- What to do -
Take the lines from the one with "Antibacterial wireless bluetooth" to the end of the listing, both ends included, and quote them exactly, leaving pictures out.

- Given information -
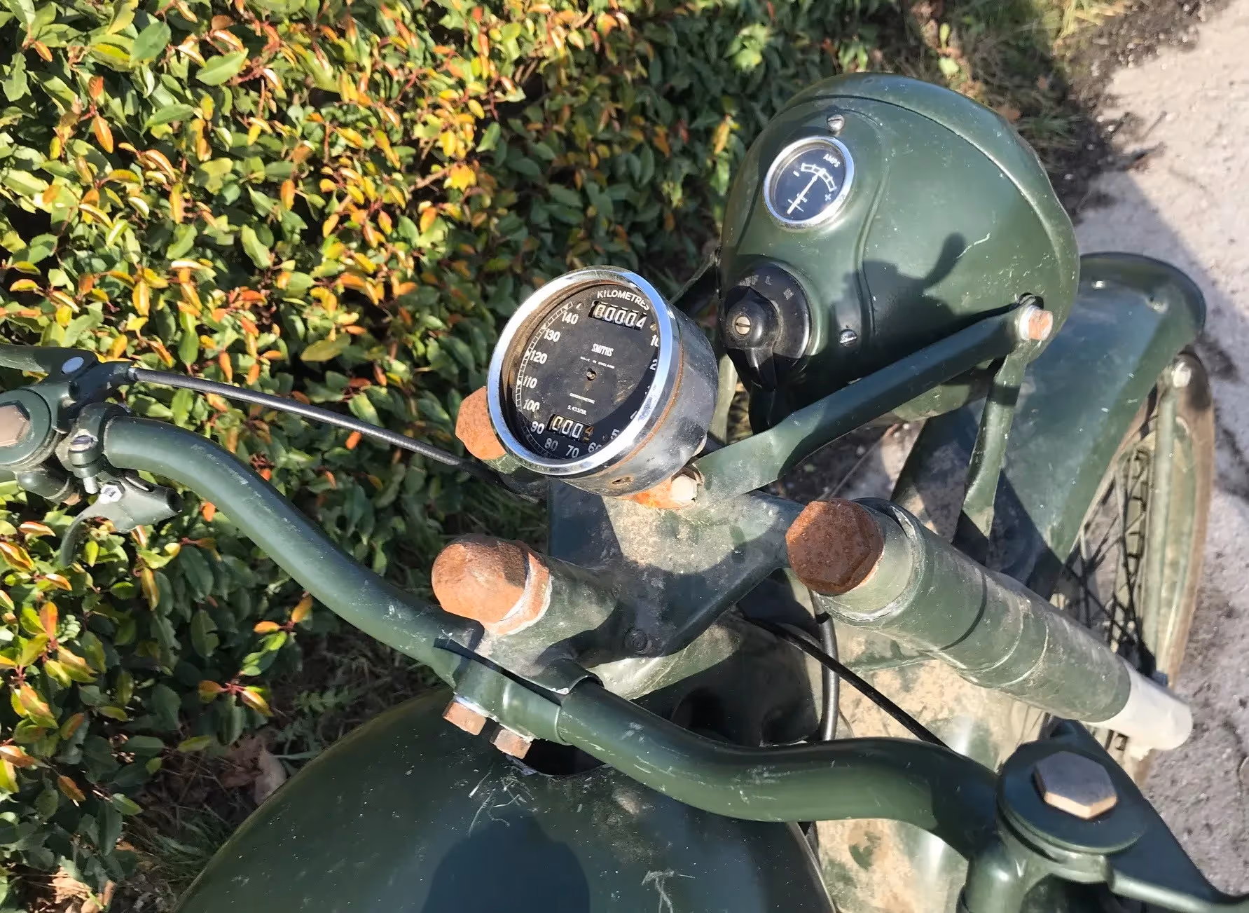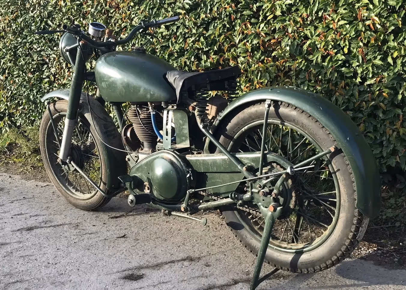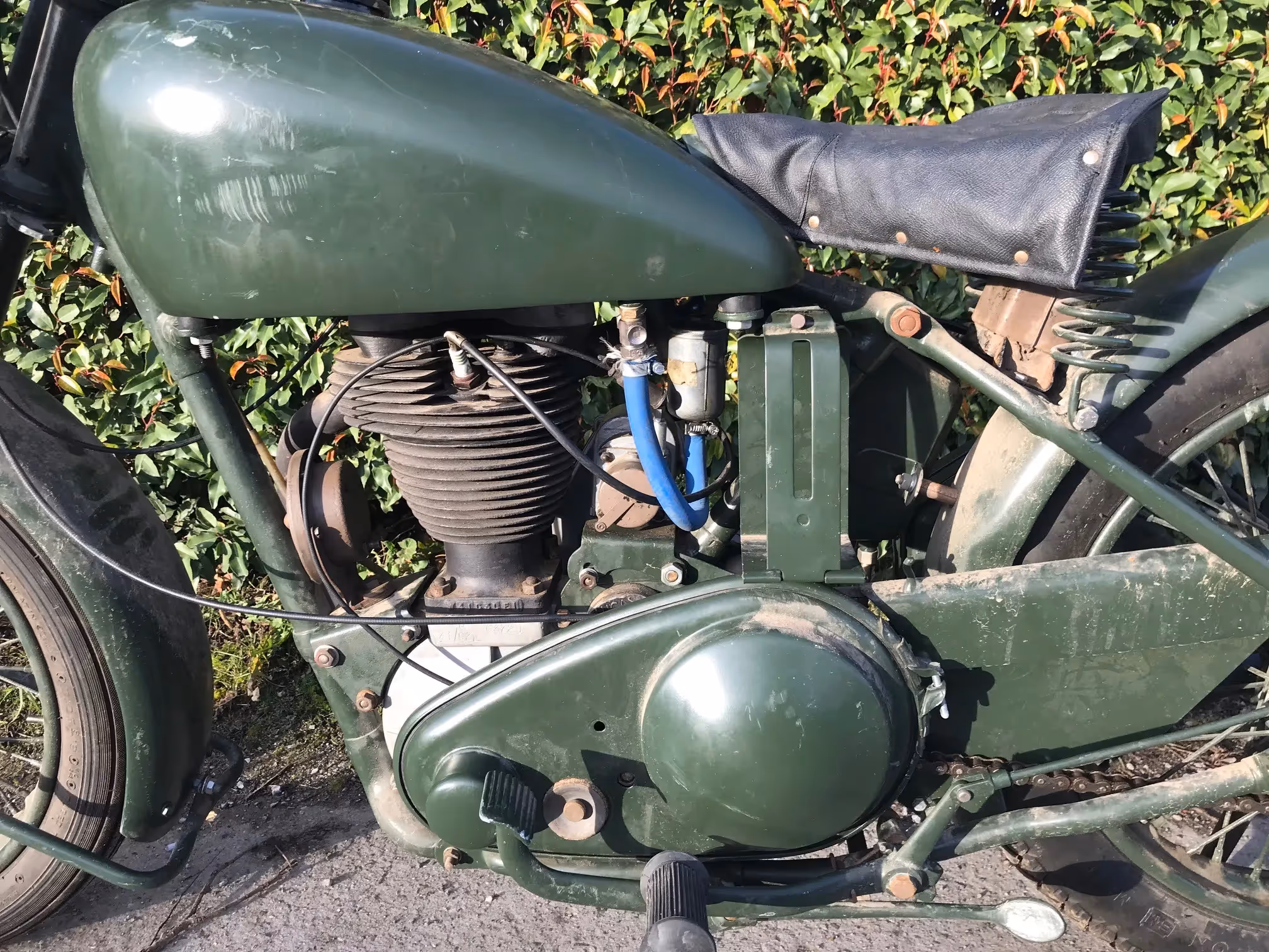 English army Matchless model G3L of 1941. This is a 350cc OHV which experienced the war. This motorcycle is fully restored but never finished. After a few moves and about 10 years in the garage recovered.
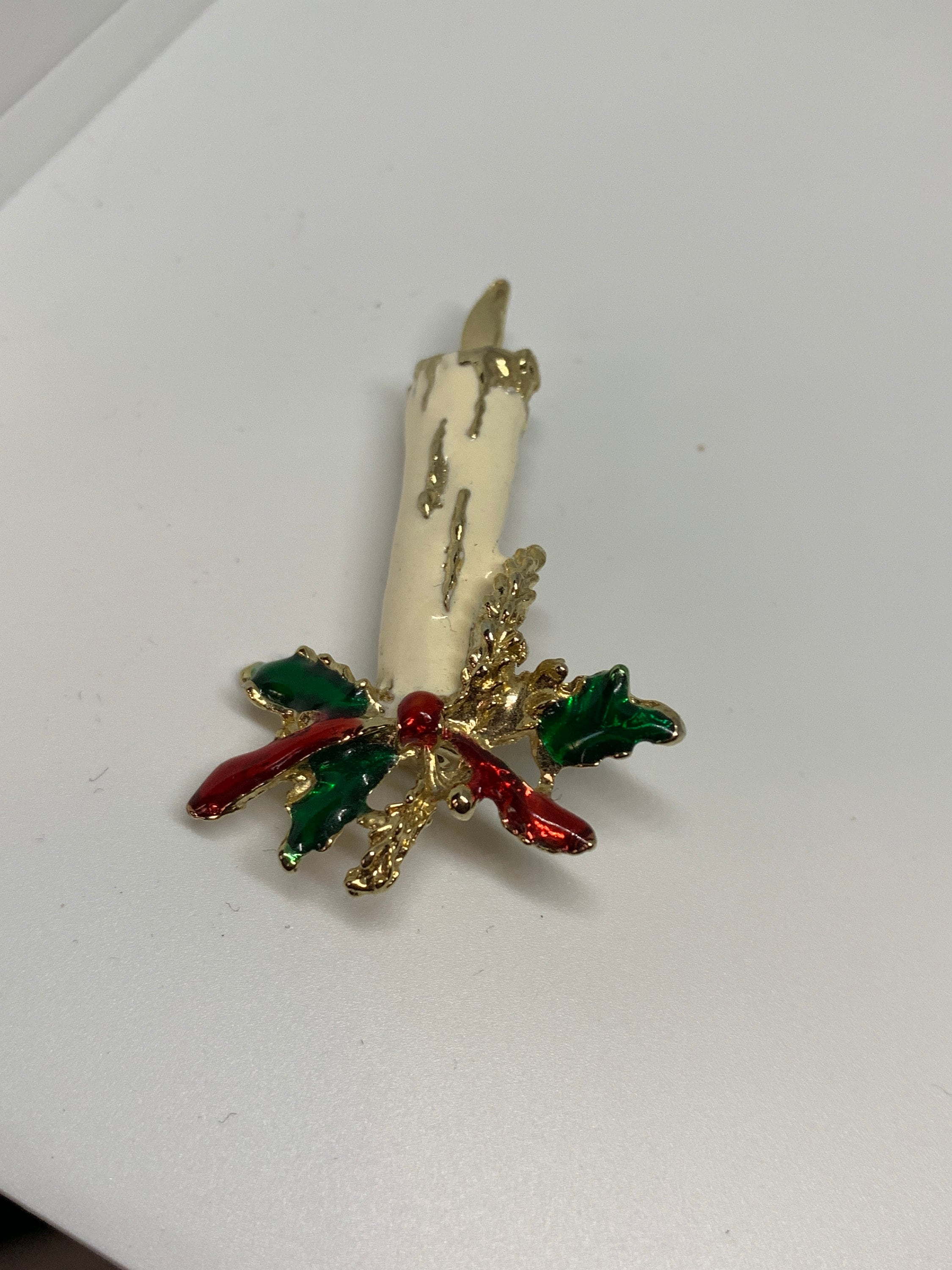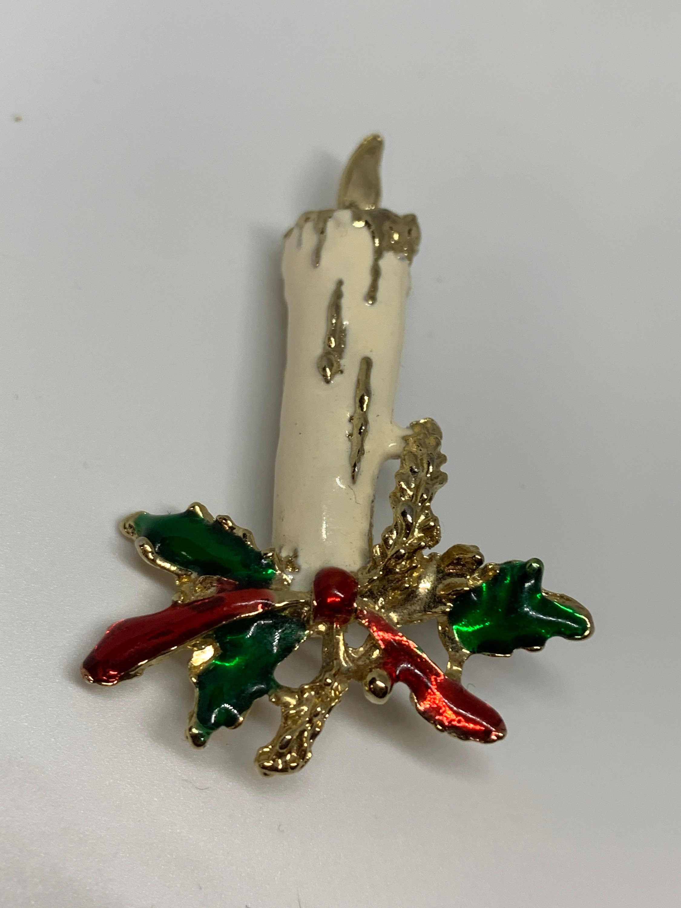 Vanilla Cream Christmas Candle Pin With Elegant Red and Green Holly, Nostalgic Vintage Brooch, Winter Holiday Unisex Lapel Pin
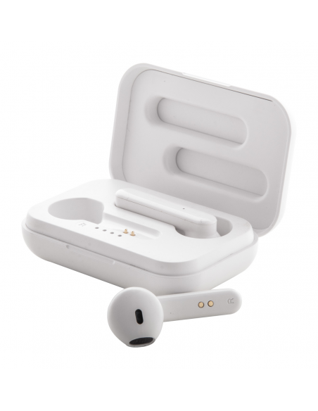 Antibacterial wireless bluetooth earphones with hands-free call function in plastic charger case. ISO 22196 compliant. Including USB charger cable.
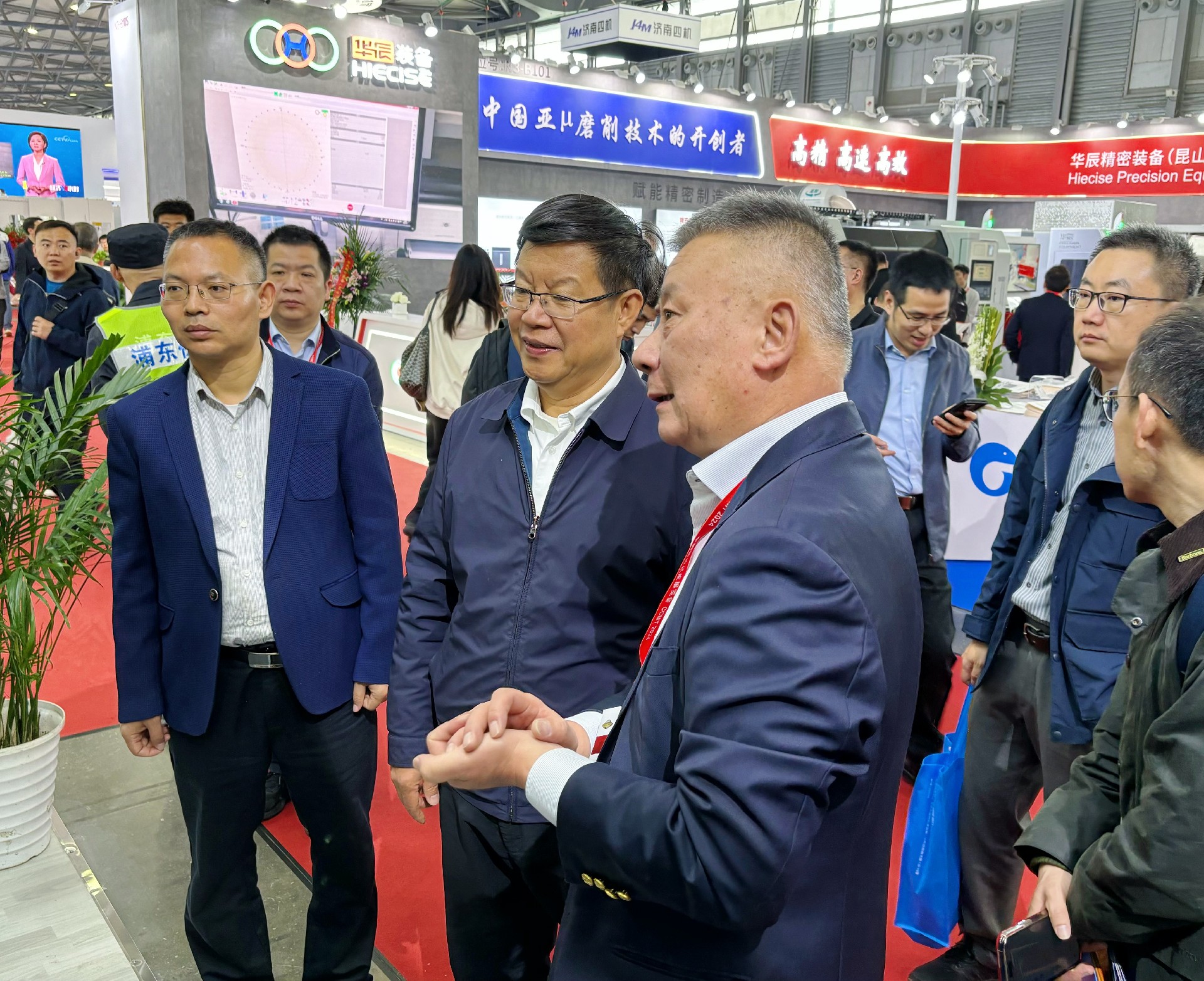 4 月(yuè) 9 日上午,國(guó)家工信部裝備(bei)一司通用處處(chu)長唐軍一行來(lai)到杭機股份展(zhan)台考察指導,唐(táng)軍處長在進一(yi)✨步了解杭機本(běn)次展品後,表達(da)了認可和高度(du)關注,他表示要(yào)聚焦🈲主業,加大(dà)産品研發力度(du),以科技研發展(zhǎn)帶動☂️企業發展(zhǎn)。

- Answer space -
 Antibacterial wireless bluetooth earphones with hands-free call function in plastic charger case. ISO 22196 compliant. Including USB charger cable.
 4 月(yuè) 9 日上午,國(guó)家工信部裝備(bei)一司通用處處(chu)長唐軍一行來(lai)到杭機股份展(zhan)台考察指導,唐(táng)軍處長在進一(yi)✨步了解杭機本(běn)次展品後,表達(da)了認可和高度(du)關注,他表示要(yào)聚焦🈲主業,加大(dà)産品研發力度(du),以科技研發展(zhǎn)帶動☂️企業發展(zhǎn)。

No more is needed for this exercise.